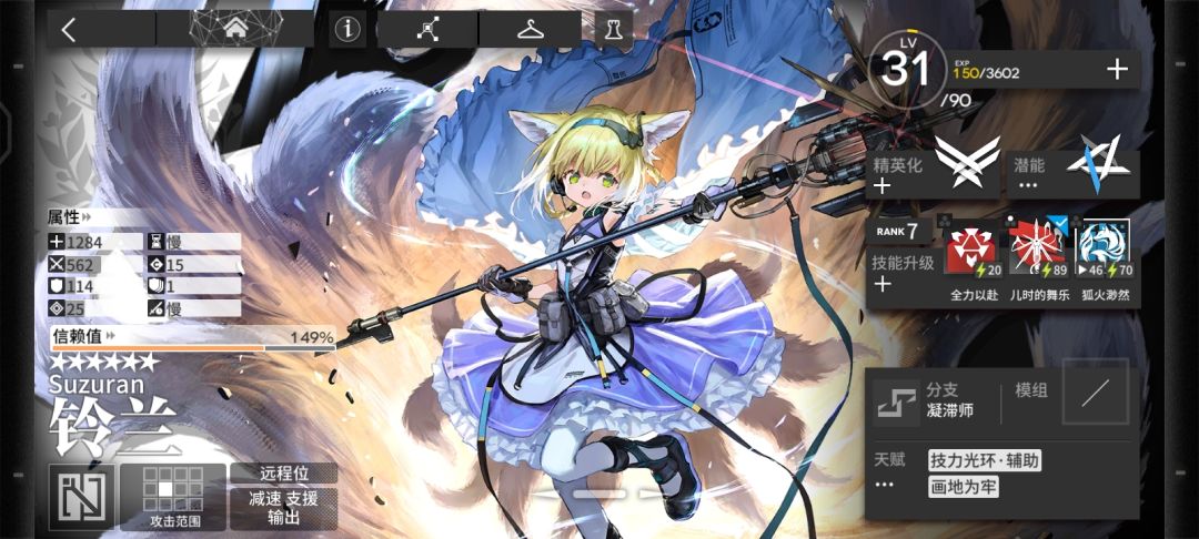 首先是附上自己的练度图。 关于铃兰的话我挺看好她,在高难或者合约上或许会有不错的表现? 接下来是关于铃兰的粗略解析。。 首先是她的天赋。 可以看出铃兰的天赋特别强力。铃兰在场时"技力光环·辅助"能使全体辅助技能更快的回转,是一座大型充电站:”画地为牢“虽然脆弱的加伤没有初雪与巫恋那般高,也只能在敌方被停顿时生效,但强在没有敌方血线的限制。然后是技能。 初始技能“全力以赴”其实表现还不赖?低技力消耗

---

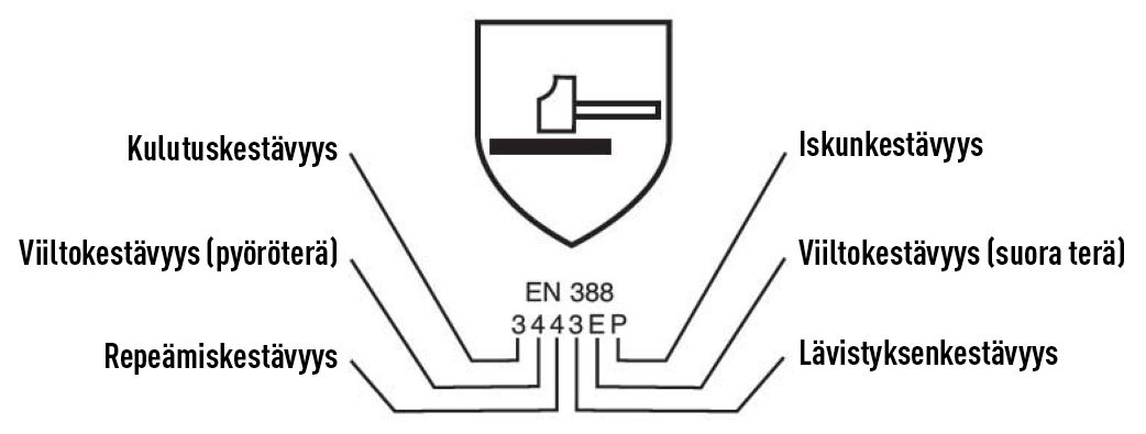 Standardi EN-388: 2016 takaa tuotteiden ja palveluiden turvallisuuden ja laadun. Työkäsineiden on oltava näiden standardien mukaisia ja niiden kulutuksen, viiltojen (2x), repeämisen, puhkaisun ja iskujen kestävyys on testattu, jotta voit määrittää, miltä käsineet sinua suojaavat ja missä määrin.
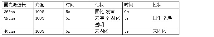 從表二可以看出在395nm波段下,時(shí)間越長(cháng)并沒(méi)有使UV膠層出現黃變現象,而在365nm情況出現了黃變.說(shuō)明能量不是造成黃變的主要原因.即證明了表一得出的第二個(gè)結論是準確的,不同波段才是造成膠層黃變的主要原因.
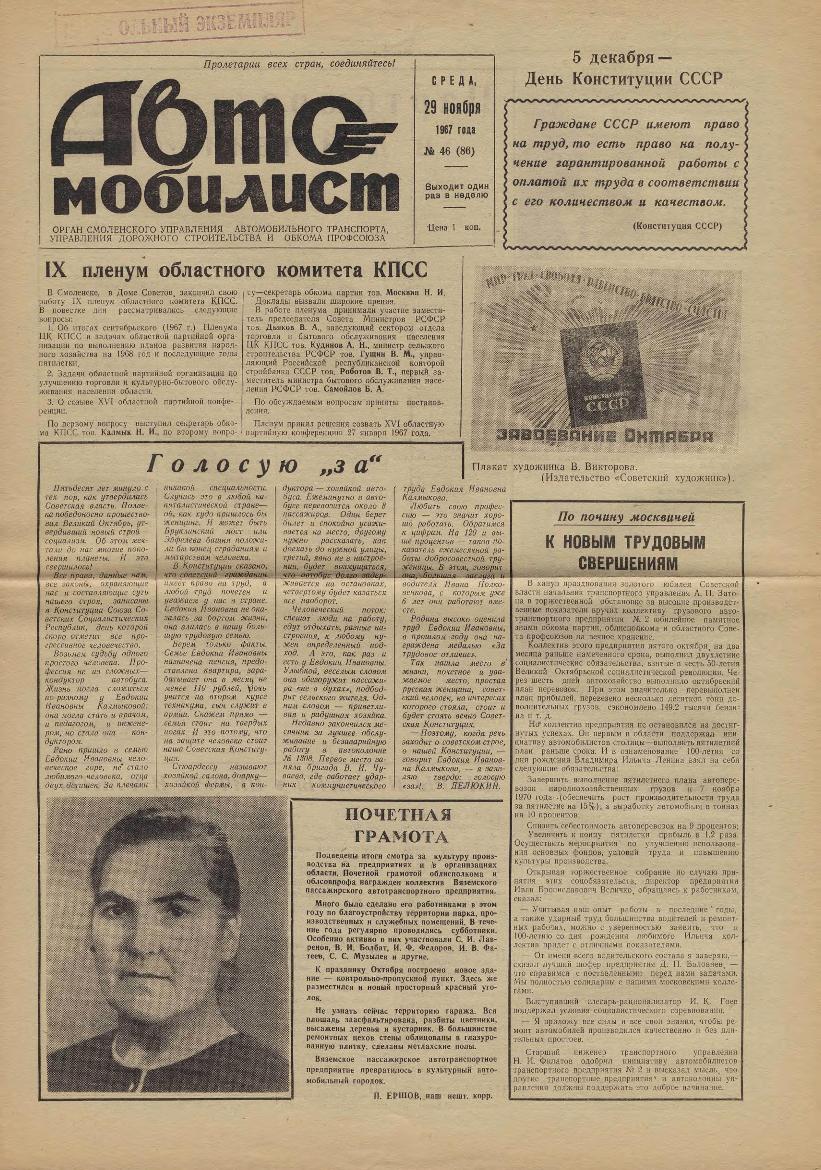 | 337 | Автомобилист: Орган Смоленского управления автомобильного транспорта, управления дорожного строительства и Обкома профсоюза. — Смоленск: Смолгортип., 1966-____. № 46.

→ **Work required**:
Using the data above, retype exactly the lines from the line with "從表二可以看出在395nm波" to the line with "1966-____. № 46.", inclusive. No pictures and nothing else.

→ **Response area**:
 從表二可以看出在395nm波段下,時(shí)間越長(cháng)并沒(méi)有使UV膠層出現黃變現象,而在365nm情況出現了黃變.說(shuō)明能量不是造成黃變的主要原因.即證明了表一得出的第二個(gè)結論是準確的,不同波段才是造成膠層黃變的主要原因.
 | 337 | Автомобилист: Орган Смоленского управления автомобильного транспорта, управления дорожного строительства и Обкома профсоюза. — Смоленск: Смолгортип., 1966-____. № 46.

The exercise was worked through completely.